Abstract:With the increasing use of mobile GPS (global positioning system) devices, a large volume of trajectory data on users can be produced. In most existing work, trajectories are usually divided into a set of stops and moves. In trajectories, stops represent the most important and meaningful part of the trajectory; there are many data mining methods to extract these locations.
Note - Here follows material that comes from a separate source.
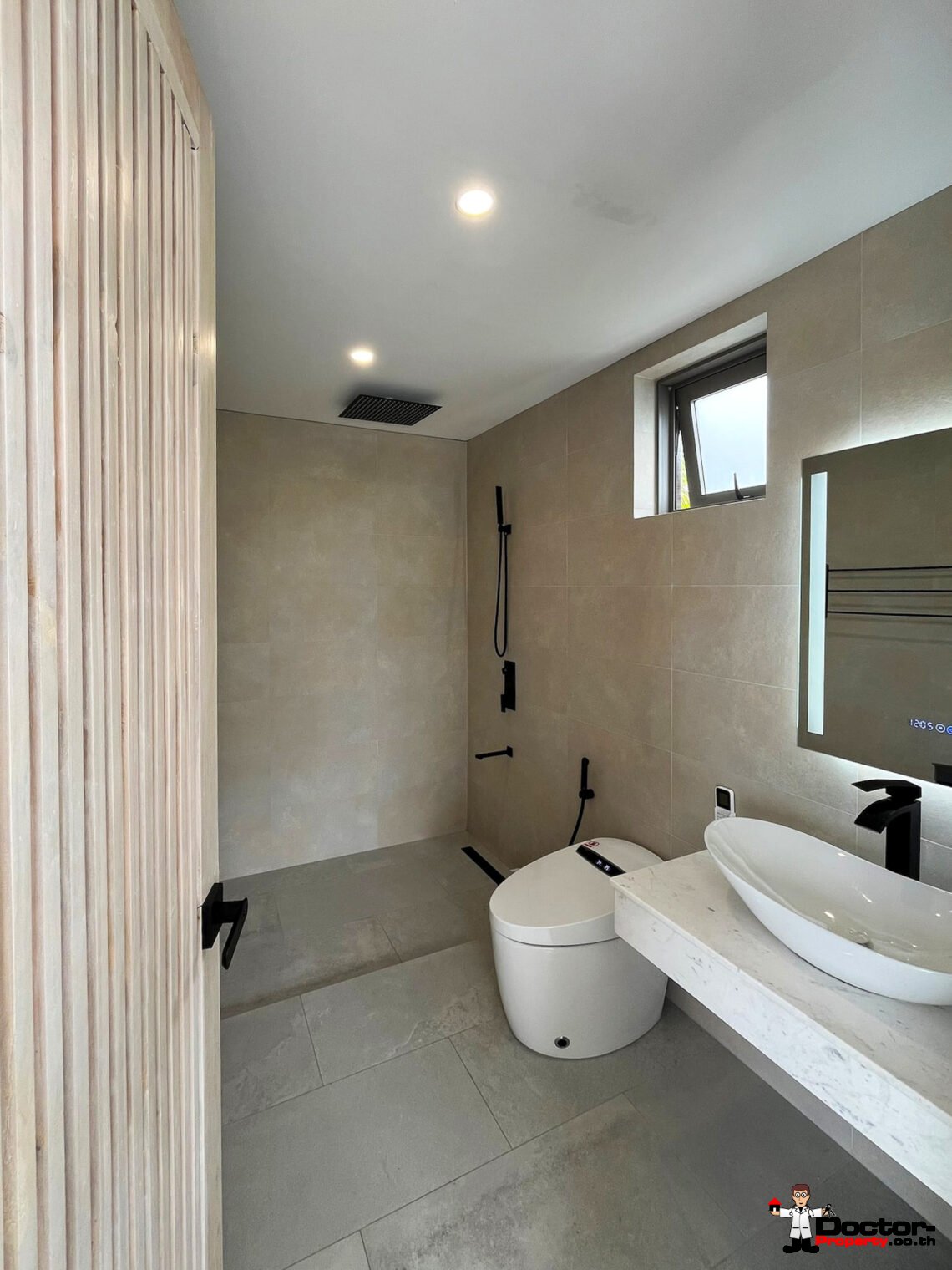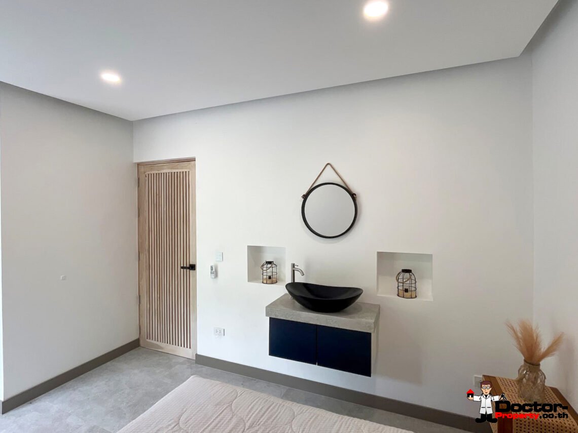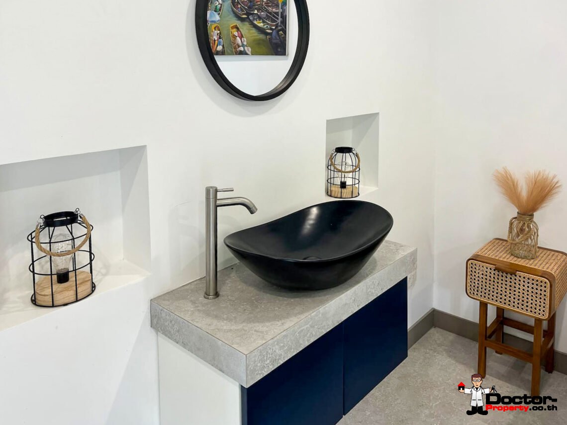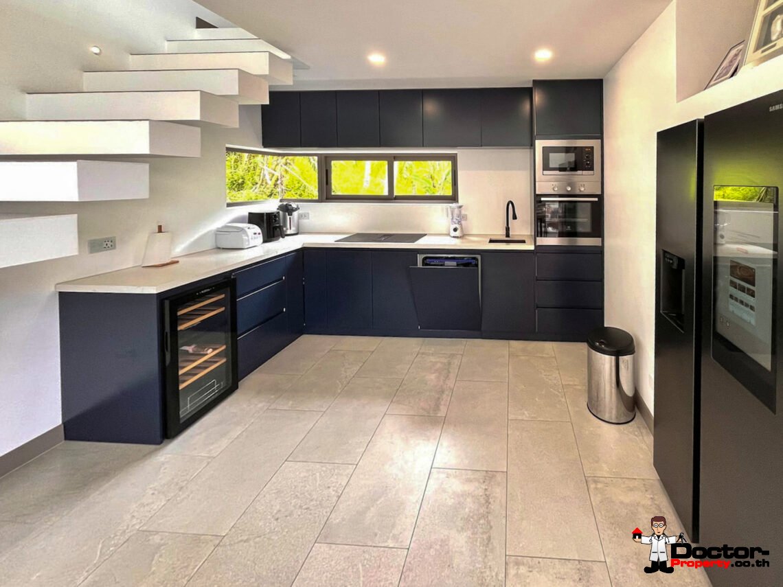 Mit drei großzügig bemessenen Schlafzimmern, jedes mit eigenem Bad, sorgt die Villa für ultimative Privatsphäre und Komfort. Die Master-Suite ist ein luxuriöser Rückzugsort und bietet direkten Zugang zum Poolbereich und atemberaubende Meerblicke – perfekt zum Entspannen und Erholen. Das Anwesen verfügt außerdem über einen beeindruckenden Infinity-Pool, der von einer geräumigen Sonnenterrasse und üppiger tropischer Landschaft umgeben ist. Großzügige Wohnbereiche im Freien bieten den idealen Rahmen für ein angenehmes Erlebnis am Pool oder ein Essen im Freien, während Sie den atemberaubenden Meerblick genießen. Diese Villa wird voll möbliert mit geschmackvollen, hochwertigen Möbeln und Oberflächen verkauft und ist somit sofort bezugsfertig. Jedes Detail wurde sorgfältig durchdacht, sodass Sie mühelos in das Inselleben eintauchen können. Darüber hinaus verfügt die Villa über eine voll ausgestattete moderne Küche für Komfort und Funktionalität.

DBSCAN (density-based spatial clustering of applications with noise) is a classical density-based algorithm used to find the high-density areas in space, and different derivative methods of this algorithm have been proposed to find the stops in trajectories. However, most of these methods required a manually-set threshold, such as the speed threshold, for each feature variable. In our research, we first defined our new concept of move ability. Second, by introducing the theory of data fields and by taking our new concept of move ability into consideration, we constructed a new, comprehensive, hybrid feature-based, density measurement method which considers temporal and spatial properties. Finally, an improved DBSCAN algorithm was proposed using our new density measurement method. In the Experimental Section, the effectiveness and efficiency of our method is validated against real datasets. When comparing our algorithm with the classical density-based clustering algorithms, our experimental results show the efficiency of the proposed method.